I’m having a time series data sets comprising of 10 Hz data over several years. For one year my data has around 3.1*10^8 rows of data (each row has a time stamp and 8 float values). My data has gaps which I need to identify and fill with ‘NaN’. My python code below is capable of doing so but the performance is by far too bad for my kind of problem. I cannot get though my data set in anything even close to a reasonable time.

Below an minimal working example.
I have for example series (time-seris-data) and data as lits with same lengths:

series      = [1.1, 2.1, 3.1, 7.1, 8.1, 9.1, 10.1, 14.1, 15.1, 16.1, 20.1]
data_a      = [1, 1, 1, 1, 1, 1, 1, 1, 1, 1, 1]
data_b      = [1.2, 1.2, 1.2, 2.2, 2.2, 2.2, 2.2, 3.2, 3.2, 3.2, 4.2]

I would like series to advance in intervals of 1, hence the gaps of series are 4.1, 5.1, 6.1, 11.1, 12.1, 13.1, 17.1, 18.1, 19.1. The data_a and data_b lists shall be filled with float(nan)’s.
so data_a for example should become:

[1.2, 1.2, 1.2, nan, nan, nan, 2.2, 2.2, 2.2, 2.2, nan, nan, nan, 3.2, 3.2, 3.2, nan, nan, nan, 4.2]

I archived this using:

d_max = 1.0    # Normal increment in series where no gaps shall be filled
shift = 0

for i in range(len(series)-1):
    diff = series[i+1] - series[i]
    if diff > d_max:
        num_fills = round(diff/d_max)-1    # Number of fills within one gap
        for it in range(num_fills):
            data_a.insert(i+1+it+shift, float(nan))
            data_b.insert(i+1+it+shift, float(nan))
        shift = int(shift + num_fills)     # Shift the index by the number of inserts from the previous gap filling

I searched for other solutions to this problems but only came across the use of the find() function yielding the indices of the gaps. Is the function find() faster than my solution? But then how would I insert NaN’s in data_a and data_b in a more efficient way?

Asked By: Betrieb

||

Answers:

First, realize that your innermost loop is not necessary:

for it in range(num_fills):
    data_a.insert(i+1+it+shift, float(nan))

is the same as

data_a[i+1+shift:i+1+shift] = [float(nan)] * int(num_fills)

That might make it slightly faster because there’s less allocation and less moving items going on.

Then, for large numerical problems, always use NumPy.

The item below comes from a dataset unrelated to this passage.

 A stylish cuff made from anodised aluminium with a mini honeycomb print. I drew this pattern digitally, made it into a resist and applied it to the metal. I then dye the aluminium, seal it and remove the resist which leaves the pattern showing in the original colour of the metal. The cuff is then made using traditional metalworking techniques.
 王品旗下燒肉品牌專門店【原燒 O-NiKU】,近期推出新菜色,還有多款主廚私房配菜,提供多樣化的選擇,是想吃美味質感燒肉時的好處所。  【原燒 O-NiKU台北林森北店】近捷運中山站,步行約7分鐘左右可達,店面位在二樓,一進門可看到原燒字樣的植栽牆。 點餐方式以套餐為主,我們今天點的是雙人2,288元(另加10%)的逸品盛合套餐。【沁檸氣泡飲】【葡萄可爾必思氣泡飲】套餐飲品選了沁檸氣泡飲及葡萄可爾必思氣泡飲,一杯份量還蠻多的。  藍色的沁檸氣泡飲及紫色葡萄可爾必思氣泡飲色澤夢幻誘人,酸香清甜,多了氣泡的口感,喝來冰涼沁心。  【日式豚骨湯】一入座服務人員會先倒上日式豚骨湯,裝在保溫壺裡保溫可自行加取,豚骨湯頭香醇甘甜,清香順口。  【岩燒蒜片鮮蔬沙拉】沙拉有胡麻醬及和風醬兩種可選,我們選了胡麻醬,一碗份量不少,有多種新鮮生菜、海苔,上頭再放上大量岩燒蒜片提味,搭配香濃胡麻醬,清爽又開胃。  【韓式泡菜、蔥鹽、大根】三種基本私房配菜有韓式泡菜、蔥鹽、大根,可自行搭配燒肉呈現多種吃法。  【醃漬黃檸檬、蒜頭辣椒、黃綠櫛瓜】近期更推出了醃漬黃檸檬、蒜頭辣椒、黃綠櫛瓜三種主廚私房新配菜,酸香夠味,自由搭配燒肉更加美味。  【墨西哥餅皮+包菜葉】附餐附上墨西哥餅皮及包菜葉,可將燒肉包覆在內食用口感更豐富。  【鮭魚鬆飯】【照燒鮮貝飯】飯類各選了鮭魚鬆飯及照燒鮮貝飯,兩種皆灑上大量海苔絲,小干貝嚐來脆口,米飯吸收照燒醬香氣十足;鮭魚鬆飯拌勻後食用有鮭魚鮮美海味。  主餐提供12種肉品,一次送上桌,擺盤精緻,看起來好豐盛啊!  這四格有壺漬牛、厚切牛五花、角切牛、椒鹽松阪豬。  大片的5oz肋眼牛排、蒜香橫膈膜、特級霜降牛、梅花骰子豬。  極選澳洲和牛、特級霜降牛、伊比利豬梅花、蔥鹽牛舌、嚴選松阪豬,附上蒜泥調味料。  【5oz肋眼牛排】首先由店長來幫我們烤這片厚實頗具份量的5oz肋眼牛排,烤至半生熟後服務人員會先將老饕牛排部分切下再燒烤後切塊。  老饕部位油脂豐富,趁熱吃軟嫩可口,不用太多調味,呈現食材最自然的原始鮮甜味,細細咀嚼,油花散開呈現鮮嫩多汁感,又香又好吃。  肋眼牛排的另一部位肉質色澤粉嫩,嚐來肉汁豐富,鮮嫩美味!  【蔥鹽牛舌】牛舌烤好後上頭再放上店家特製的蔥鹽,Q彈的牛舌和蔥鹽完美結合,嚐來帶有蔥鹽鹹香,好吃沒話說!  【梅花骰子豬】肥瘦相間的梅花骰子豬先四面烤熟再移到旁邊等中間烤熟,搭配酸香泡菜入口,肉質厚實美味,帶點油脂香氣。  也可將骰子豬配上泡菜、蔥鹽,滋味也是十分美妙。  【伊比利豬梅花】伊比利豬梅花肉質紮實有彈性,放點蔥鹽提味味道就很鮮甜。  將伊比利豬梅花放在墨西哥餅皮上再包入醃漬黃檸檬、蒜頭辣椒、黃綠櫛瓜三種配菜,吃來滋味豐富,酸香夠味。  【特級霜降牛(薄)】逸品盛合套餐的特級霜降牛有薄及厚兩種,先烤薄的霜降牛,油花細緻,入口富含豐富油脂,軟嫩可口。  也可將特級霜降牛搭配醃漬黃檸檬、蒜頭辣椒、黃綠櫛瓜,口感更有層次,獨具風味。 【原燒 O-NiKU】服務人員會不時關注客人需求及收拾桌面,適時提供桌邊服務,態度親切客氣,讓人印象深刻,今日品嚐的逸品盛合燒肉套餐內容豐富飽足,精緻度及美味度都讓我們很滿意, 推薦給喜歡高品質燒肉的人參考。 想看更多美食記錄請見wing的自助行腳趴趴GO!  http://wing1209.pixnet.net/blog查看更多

It may take some effort to learn, but the performance is likely to go up orders of magnitude. Start with something like:

import numpy as np

series = np.array([1.1, 2.1, 3.1, 7.1, 8.1, 9.1, 10.1, 14.1, 15.1, 16.1, 20.1])
data_a = [1, 1, 1, 1, 1, 1, 1, 1, 1, 1, 1]
data_b = [1.2, 1.2, 1.2, 2.2, 2.2, 2.2, 2.2, 3.2, 3.2, 3.2, 4.2]

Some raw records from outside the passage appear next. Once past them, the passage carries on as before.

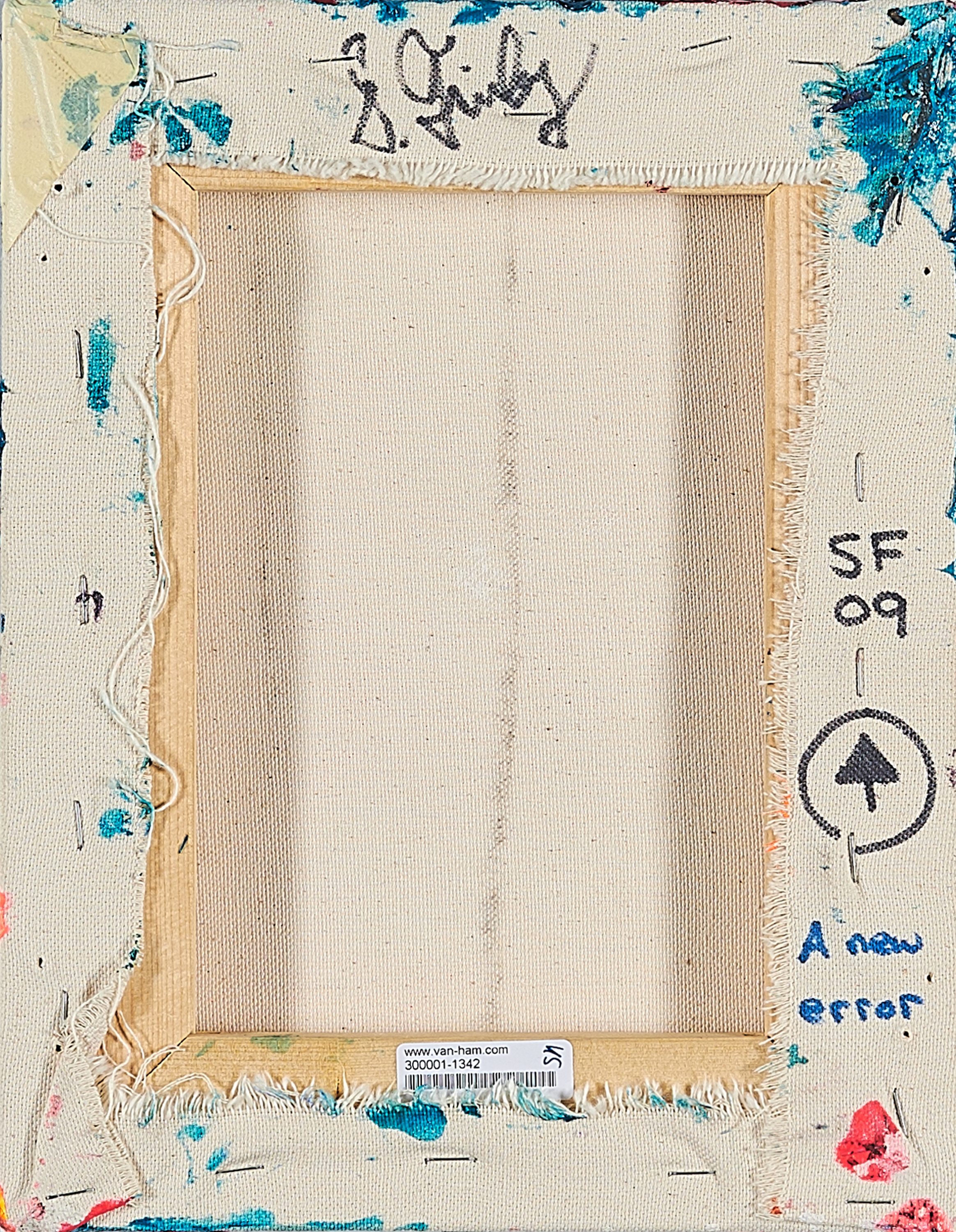 "A new error". 2009. Acryl auf Leinwand. 28 x 22cm. Signiert, monogrammiert, datiert und betitelt verso: S. Finley SF 09 A new error.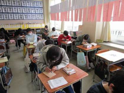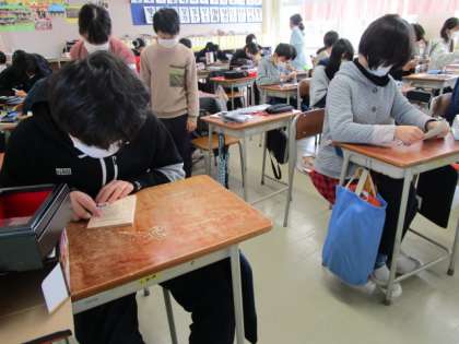 図画工作科の学習の様子です。卒業記念作品を製作しています。子供たちは、小物入れのふたの板部分に思い思いの絵を描き、彫刻刀を使って彫り進めています。子供たちは自分の作品と真剣に向き合い、よりよい作品にしようと懸命に取り組んでいました。仕上がりが楽しみです。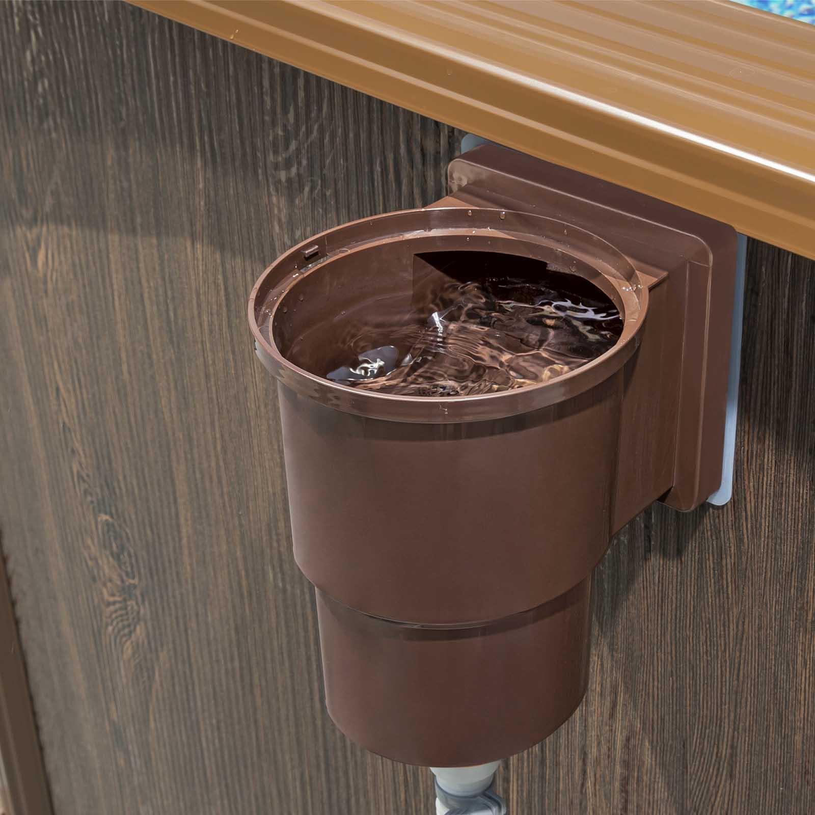 Cuenta con Realistic Prismatic Stone™. Un revestimiento exterior muy realista que simula ser una pared de madera veteada, mientras que por dentro tiene un fondo de piscina azul intenso.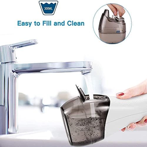 Grande serbatoio dell'acqua da 300 ml a prova di perdite: questo pulitore per denti ha un serbatoio d'acqua extra grande che fornisce abbastanza e ininterrotto. Grazie al serbatoio aperto e al design staccabile, è molto più facile pulire il calcare all'interno del serbatoio di irrigazione. Il design interno a tenuta stagna ha un brevetto esclusivo, che offre un'esperienza sicura e confortevole.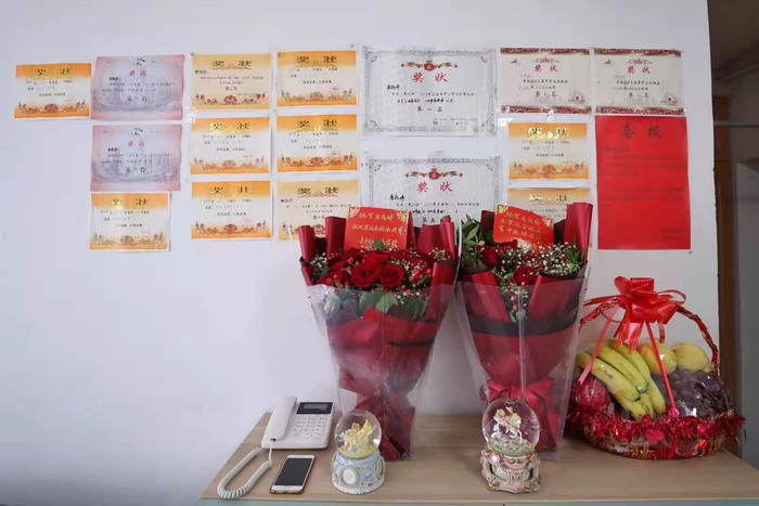 唐钱婷家中的荣誉墙。 图片来源:王佳斌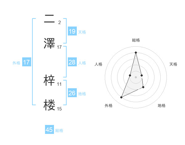 二澤 梓楼さんを姓名の画数から五運を鑑定

d_max = 1.0    # Normal increment in series where no gaps shall be filled
shift = 0

# the following two statements use NumPy's broadcasting
# to implicit run some loop at the C level
diff = series[1:] - series[:-1]
num_fills = np.round(diff / d_max) - 1
for i in np.where(diff > d_max)[0]:
    nf = num_fills[i]
    nans = [np.nan] * nf
    data_a[i+1+shift:i+1+shift] = nans
    data_b[i+1+shift:i+1+shift] = nans
    shift = int(shift + nf)
Answered By: Fred Foo

IIRC, inserts into python lists are expensive, with the size of the list.

I’d recommend not loading your huge data sets into memory, but to iterate through them with a generator function something like:

from itertools import izip

series      = [1.1, 2.1, 3.1, 7.1, 8.1, 9.1, 10.1, 14.1, 15.1, 16.1, 20.1]
data_a      = [1, 1, 1, 1, 1, 1, 1, 1, 1, 1, 1]
data_b      = [1.2, 1.2, 1.2, 2.2, 2.2, 2.2, 2.2, 3.2, 3.2, 3.2, 4.2]

def fillGaps(series,data_a,data_b,d_max=1.0):
  prev = None
  for s, a, b in izip(series,data_a,data_b):
    if prev is not None:
      diff = s - prev
      if s - prev > d_max:
        for x in xrange(int(round(diff/d_max))-1):
          yield (float('nan'),float('nan'))
    prev = s
    yield (a,b)

newA = []
newB = []
for a,b in fillGaps(series,data_a,data_b):
  newA.append(a)
  newB.append(b)

E.g. read the data into the izip and write it out instead of list appends.

Answered By: MattH